把a上的积木放回原来位置,再将a放置在b所在的积木堆上。
pile a onto b
where a and b are block numbers, moves the pile of blocks consisting of block a, and any blocks that are stacked above block a, onto block b. All blocks on top of block b are moved to their initial positions prior to the pile taking place. The blocks stacked above block a retain their order when moved.

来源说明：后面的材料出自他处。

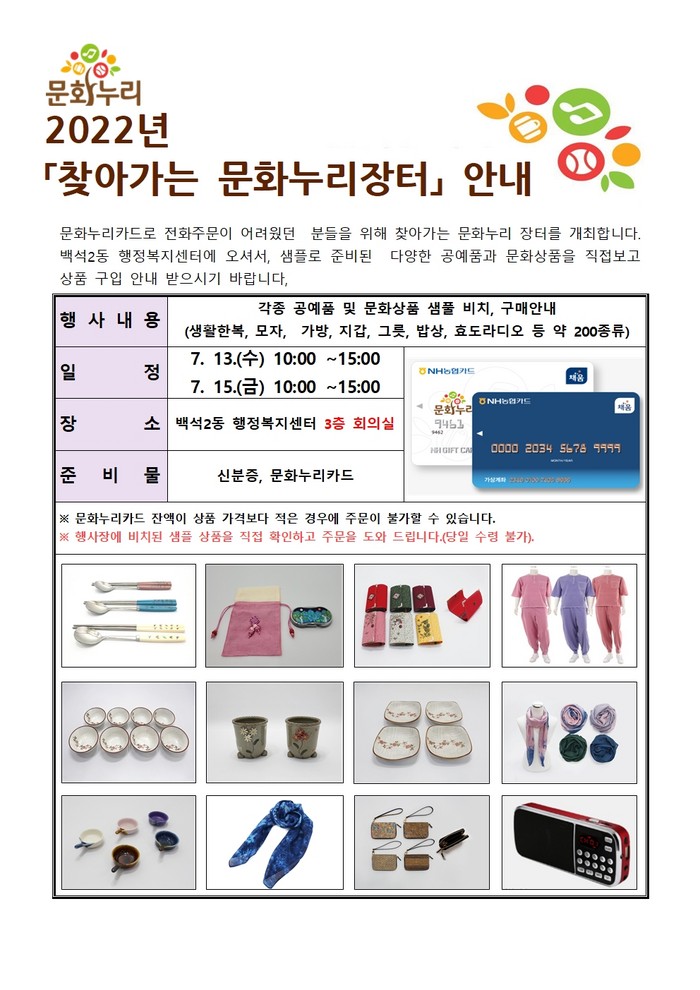 [부자동네타임즈 김인수기자] 고양특례시 백석2동 행정복지센터에서는 7월 13일과 15일 오전 10시부터 오후3시까지 ‘찾아가는 문화누리장터’를 개최한다.

把b上的积木放回原来位置,再将a和a之上的积木块一起放在b上(保持相对顺序)。
pile a over b
where a and b are block numbers, puts the pile of blocks consisting of block a, and any blocks that are stacked above block a, onto the top of the stack containing block b. The blocks stacked above block a retain their original order when moved.
把a和a之上的积木块一起放在b所在的积木堆上(保持相对顺序)。
直至遇到quit停止操作,输出最后每个位置上的积木状态。
解题思路
- 由于不涉及积木块放置在指定位置的操作,还原必定到原有位置且原有位置为空(易证),不用考虑木块放回的特殊情况。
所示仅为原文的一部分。